Не голос давно, возбужденно говорившей Эммы, а плавающий, неизвестно с чем резонирующий аккорд вывел меня из задумчивости. Казалось, в воздухе витала короткая, сама собой натянувшаяся струна и кто-то невидимый быстро и сильно водил по ней чувствительным смычком, и звук метался по всем октавам... И еще это было похоже на песню и плач, на удивительно плавно меняющийся звукоряд изгибаемой пилы. На фоне этого непрерывного звучания более или менее ритмично тренькала какая-то прозрачная звуковая капель...
Вся фигура Эммы подернулась легким оранжевым флером.
- ...поэтому вы, Герман Петрович, - обрушивала она свои сердитые слова на главного инженера, - так и считаете. А по-моему, потому-то ничего странного и нет в том, что именно наш лучший колориметрист-тонировщик и заболел таким ужасным дальтонизмом... поэтому с ним и случилось такое заболевание, потому что он очень чувствителен к цвету, работает... он работал с ним. Вот вы, Герман Петрович, непосредственно с цветом не работаете, так с вами... у вас никакого дальтонизма такого ужасного не будет... не произойдет, потому что для вас цвет не имеет решающего значения... А вот у Кости Дымкина...
То ли из-за волнения она сбивчиво говорила, то ли из-за этого плавающего звука до меня долетали не все ее слова - не знаю почему, но речь Эммы показалась мне странно прерывистой. А тут вдруг я совсем перестал ее слышать.
Я выпрямился на стуле. Эмма двигала губами, открывала рот - что-то говорила мне, что-то спрашивала, но я ее не слышал. В то время как шум в зале - негромкие слова, шепот, как кто-то двинул по полу стулом, шелест бумаги - я слышал хорошо.
Невидимая, как бы сама по себе в воздухе натянутая струна неистовствовала и плакала.
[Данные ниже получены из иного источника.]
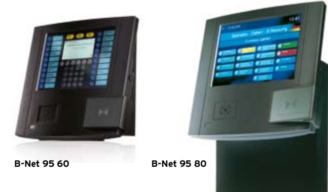
B-Net 95 60

Я еще ничего толком не понимал. А на фоне этого струнного плача, может быть, в такт моим собственным сердечным ударам, часто позванивала прозрачная капель. И вместе с этой капелью в нос мне ударил непереносимый запах искромсанной свежей картофельной ботвы - запах, какой бывает после сильного града.
Я зажал нос пальцами и стал дышать ртом, но запах все равно ощущал.
Один за другим все присутствующие повернулись ко мне.
Павел Иванович, наш директор, встал и спросил меня:
- Дымкин, что с вами? Кровь из носу пошла? Врача, может, вызвать?..
- Да нет! Что вы, - улыбнувшись, громко, по-моему, даже слишком громко сказал я. - Просто я ее не слышу!..
- Эмму Луконину? А меня слышишь?
- Конечно, слышу! Всех слышу и все слышу. И какая-то струна еще словно плачет и капельки дзинькают, - улыбнувшись, полушутливо сказал я.
Многие зашушукались, с внимательными, серьезными лицами поворачивались в мою сторону, сдержанно кивали друг другу.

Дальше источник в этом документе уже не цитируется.